• [DATA]
———
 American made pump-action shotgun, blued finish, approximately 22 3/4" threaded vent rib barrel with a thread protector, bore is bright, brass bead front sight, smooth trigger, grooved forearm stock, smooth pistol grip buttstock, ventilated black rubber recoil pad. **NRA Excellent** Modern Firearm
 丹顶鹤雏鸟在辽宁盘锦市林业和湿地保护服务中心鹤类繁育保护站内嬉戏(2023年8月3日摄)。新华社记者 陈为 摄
———
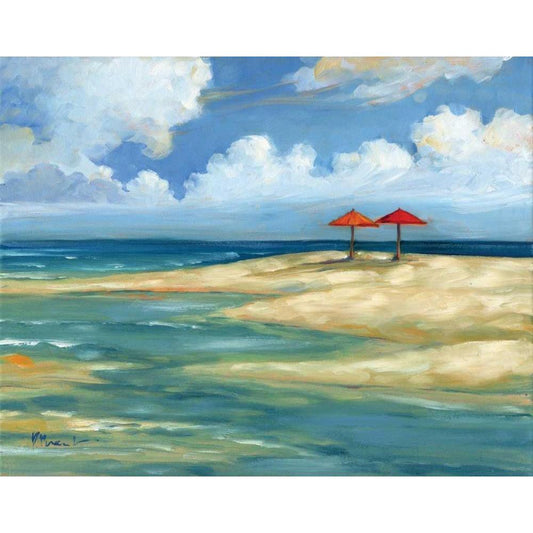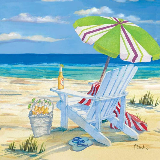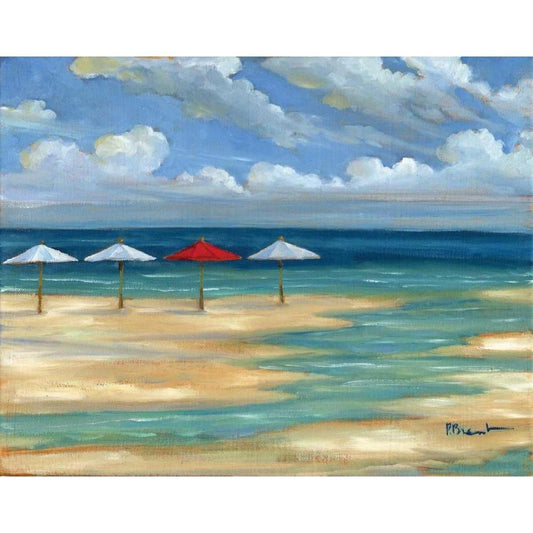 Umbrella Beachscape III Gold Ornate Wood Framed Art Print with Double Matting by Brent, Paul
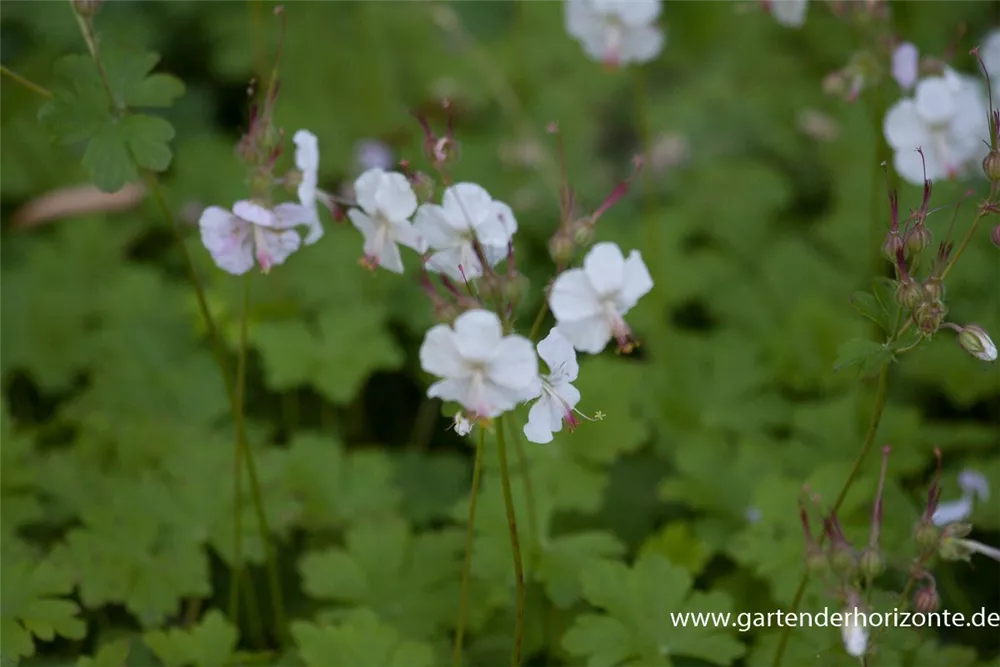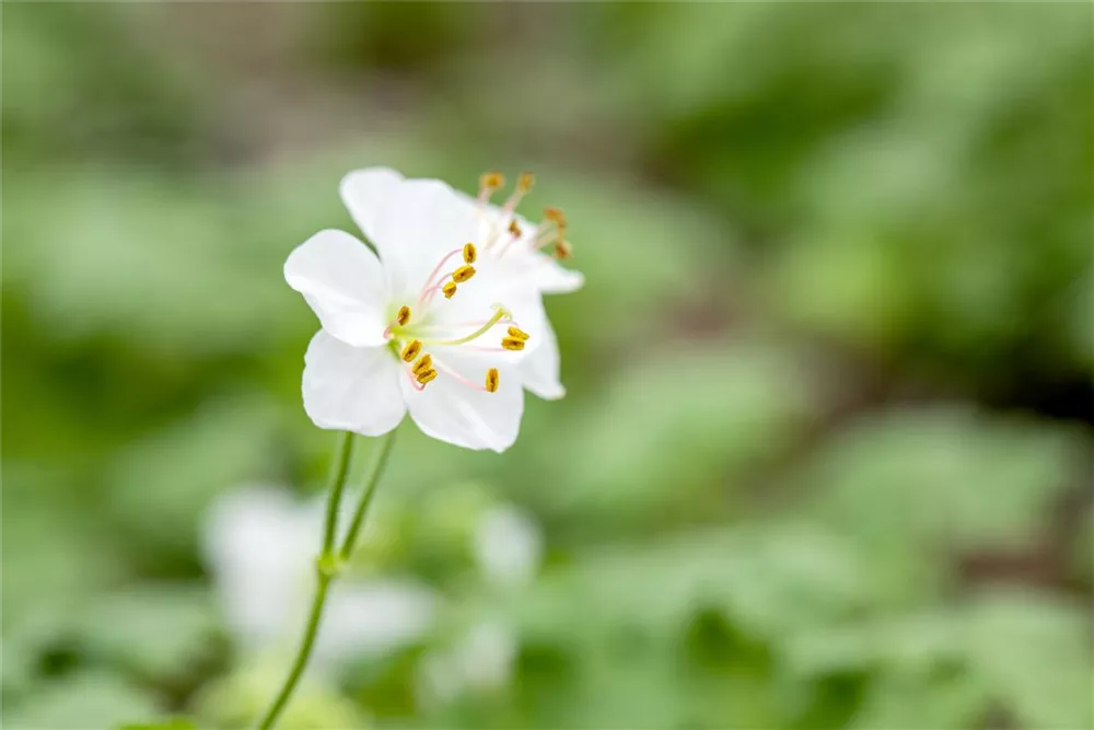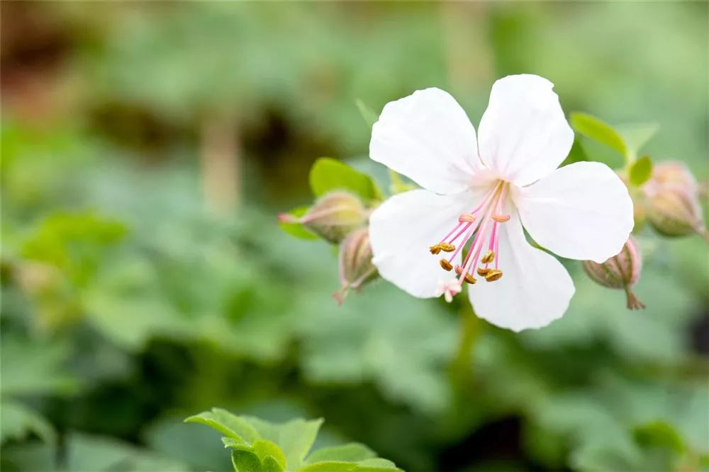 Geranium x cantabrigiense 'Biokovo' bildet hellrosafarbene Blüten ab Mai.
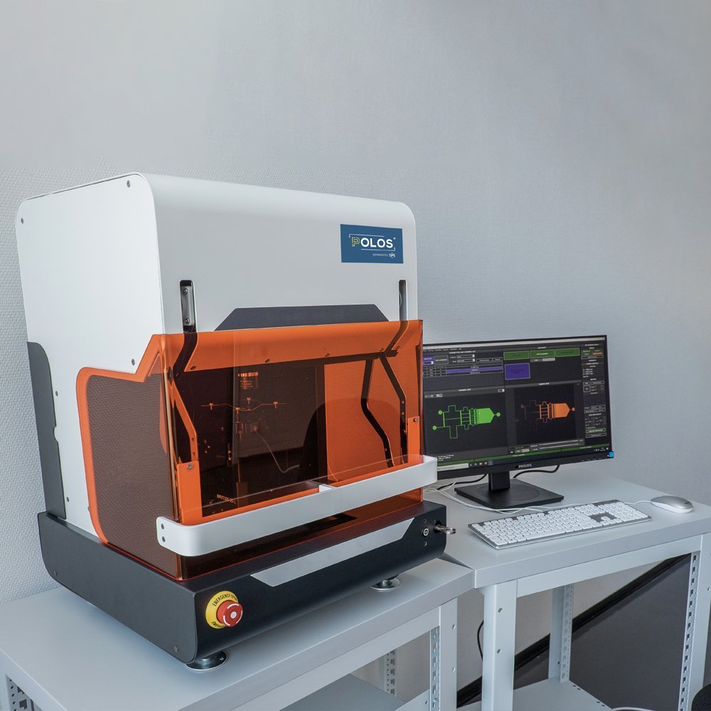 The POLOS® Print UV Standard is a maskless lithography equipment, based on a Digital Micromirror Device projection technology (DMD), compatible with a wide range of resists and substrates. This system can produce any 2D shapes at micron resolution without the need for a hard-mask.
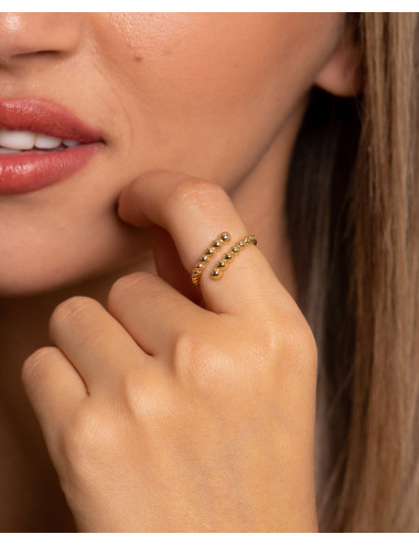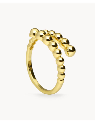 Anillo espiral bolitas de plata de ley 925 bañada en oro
———
• [BRIEF] Copy the lines above exactly, starting with the line that contains "The POLOS® Print" and ending with the line that contains "Anillo espiral bolitas", and leave out any pictures.

• [WRITTEN ANSWER]
 The POLOS® Print UV Standard is a maskless lithography equipment, based on a Digital Micromirror Device projection technology (DMD), compatible with a wide range of resists and substrates. This system can produce any 2D shapes at micron resolution without the need for a hard-mask.
 Anillo espiral bolitas de plata de ley 925 bañada en oro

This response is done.